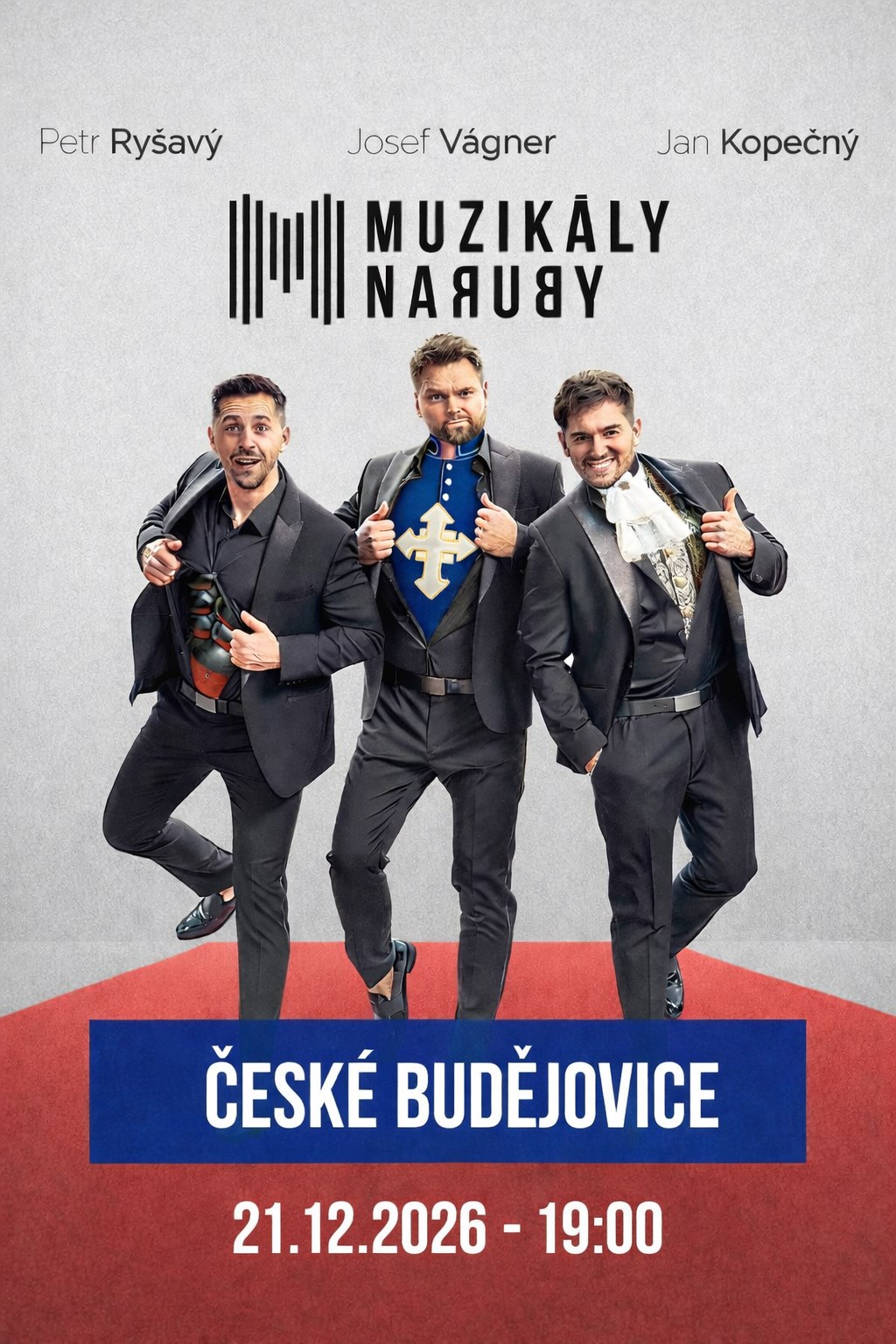 MUZIKÁLY NARUBY - Josef Vágner & Petr Ryšavý & Jan KopečnýKoncertní zábavná show naplněná těmi největšími hity z českých i světových muzikálů.Muzikály Naruby, to je koncert živé kapely, která hraje známe hity tak, jak je ještě nikdy nikdo neslyšel. Přední čeští zpěváci a muzikáloví herci Josef Vágner, Jan Kopečný a Petr Ryšavý zpívají hity nejen z tradičních muzikálů jako jsou Bídníci, Kleopatra, Angelika, Tři mušketýři, ale také z českých hit-muzikálů.V programu tak zní ty největší hity Waldemara Matušky, Václava Neckáře, kapely Lucie, Janka Ledeckého, Karla Gotta, Michala Davida, Heleny Vondráčkové, Lucie Bílé a dalších.Koncert je prokládán vtipnými historkami ze zákulisí divadla a české hudební scény. Muzikály Naruby tradičně do posledního místa vyprodávají divadelní sály po celé ČR. A nesmíme zapomenout ani na jejich vyprodanou pražskou Lucernu.ÚčinkujíJosef VágnerPetr RyšavýJan Kopečný...v doprovodu živé kapely
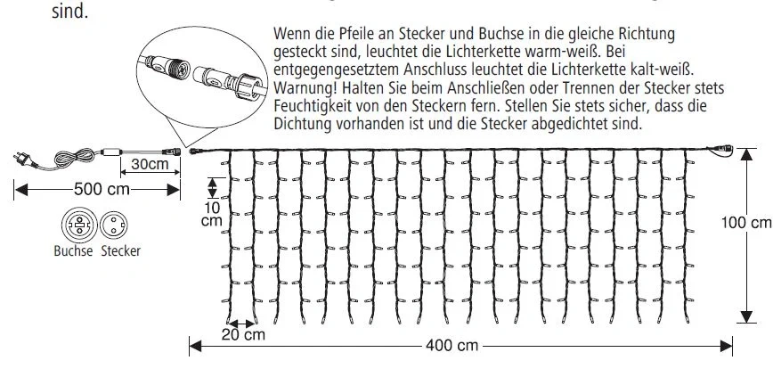 Меняйте настроение освещения по своему желанию! Уникальная гирлянда-занавес с переключением между теплым и холодным белым светом. Хотите уютное золотистое свечение для романтического вечера или яркое белое для праздничного торжества? Эта гирлянда подарит вам обе возможности! Прочный резиновый кабель выдержит даже суровую уличную погоду, создавая безупречное освещение для фасада, сада или интерьера.
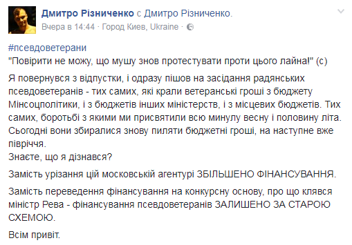 Вместо перевода финансирования на конкурсную основу, о чем клялся министр Рева - финансирование псевдоветеранов оставлено по старой схеме.
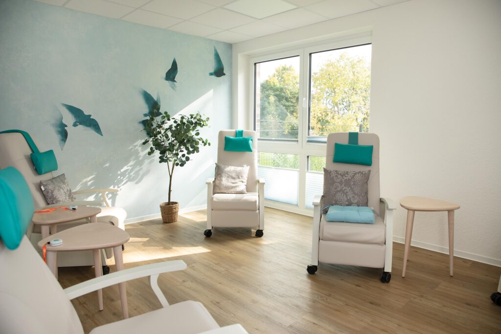 Wir freuen uns, Sie in unserer neuen, erst im Herbst 2025 eröffneten, Tagespflege – Im Grünen begrüßen zu dürfen. Modern, offen und hell gestaltet, lädt unsere Einrichtung dazu ein, den Tag in einer angenehmen Atmosphäre zu verbringen.
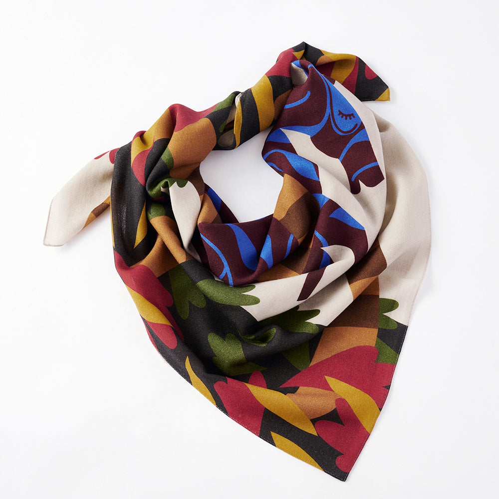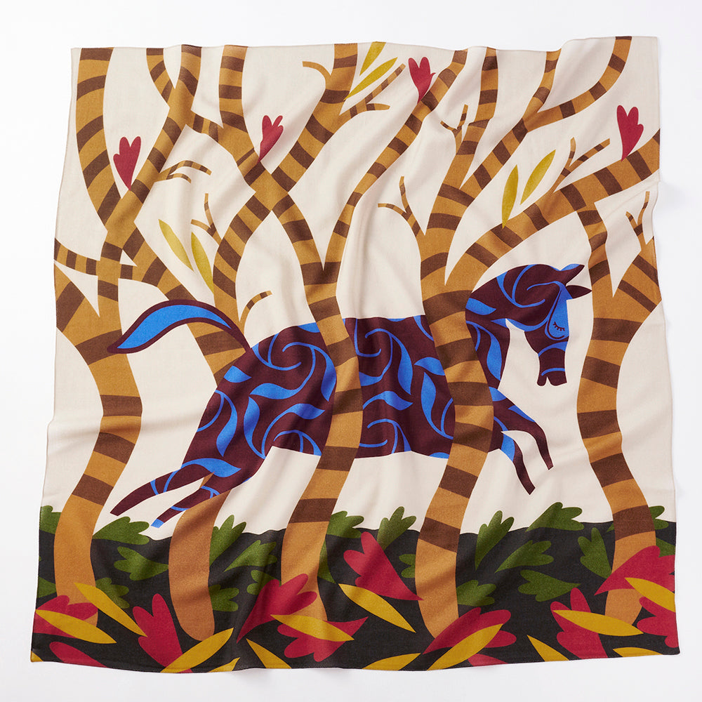 'Meadow Dancer' Illustrates the idea of a horse finding itself alone enjoying a moment of freedom. Happily dancing among the crisp fallen autumnal leaves with a fairytale like quality. The design has lines going through trees that create a beautiful pattern when worn. The horse is a flash of color in the centre with a decorative pattern for it's coat.
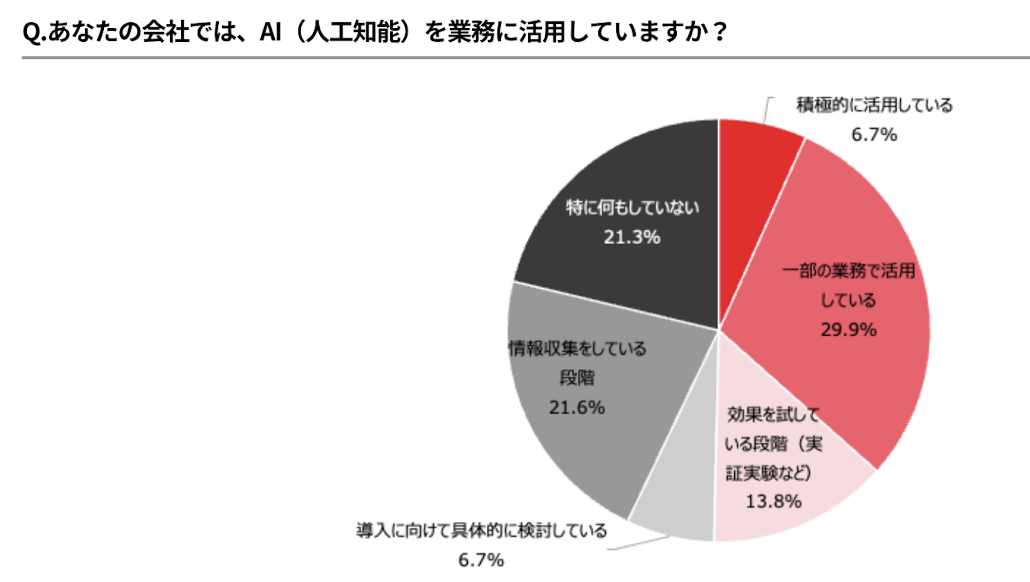 調査結果によると、AIを業務に「積極的に活用している」との回答は6.7%、「一部の業務で活用している」は29.9%だった。これらを合計したAI導入率は36.6%にとどまり、依然として過半数が「特に何もしていない」または「情報収集段階」にあるのが現状だ。
# # # # # # #
Your task: Transcribe the whole of the data exactly, minus any pictures.

Exercise result:
 MUZIKÁLY NARUBY - Josef Vágner & Petr Ryšavý & Jan KopečnýKoncertní zábavná show naplněná těmi největšími hity z českých i světových muzikálů.Muzikály Naruby, to je koncert živé kapely, která hraje známe hity tak, jak je ještě nikdy nikdo neslyšel. Přední čeští zpěváci a muzikáloví herci Josef Vágner, Jan Kopečný a Petr Ryšavý zpívají hity nejen z tradičních muzikálů jako jsou Bídníci, Kleopatra, Angelika, Tři mušketýři, ale také z českých hit-muzikálů.V programu tak zní ty největší hity Waldemara Matušky, Václava Neckáře, kapely Lucie, Janka Ledeckého, Karla Gotta, Michala Davida, Heleny Vondráčkové, Lucie Bílé a dalších.Koncert je prokládán vtipnými historkami ze zákulisí divadla a české hudební scény. Muzikály Naruby tradičně do posledního místa vyprodávají divadelní sály po celé ČR. A nesmíme zapomenout ani na jejich vyprodanou pražskou Lucernu.ÚčinkujíJosef VágnerPetr RyšavýJan Kopečný...v doprovodu živé kapely
 Меняйте настроение освещения по своему желанию! Уникальная гирлянда-занавес с переключением между теплым и холодным белым светом. Хотите уютное золотистое свечение для романтического вечера или яркое белое для праздничного торжества? Эта гирлянда подарит вам обе возможности! Прочный резиновый кабель выдержит даже суровую уличную погоду, создавая безупречное освещение для фасада, сада или интерьера.
 Вместо перевода финансирования на конкурсную основу, о чем клялся министр Рева - финансирование псевдоветеранов оставлено по старой схеме.
 Wir freuen uns, Sie in unserer neuen, erst im Herbst 2025 eröffneten, Tagespflege – Im Grünen begrüßen zu dürfen. Modern, offen und hell gestaltet, lädt unsere Einrichtung dazu ein, den Tag in einer angenehmen Atmosphäre zu verbringen.
 'Meadow Dancer' Illustrates the idea of a horse finding itself alone enjoying a moment of freedom. Happily dancing among the crisp fallen autumnal leaves with a fairytale like quality. The design has lines going through trees that create a beautiful pattern when worn. The horse is a flash of color in the centre with a decorative pattern for it's coat.
 調査結果によると、AIを業務に「積極的に活用している」との回答は6.7%、「一部の業務で活用している」は29.9%だった。これらを合計したAI導入率は36.6%にとどまり、依然として過半数が「特に何もしていない」または「情報収集段階」にあるのが現状だ。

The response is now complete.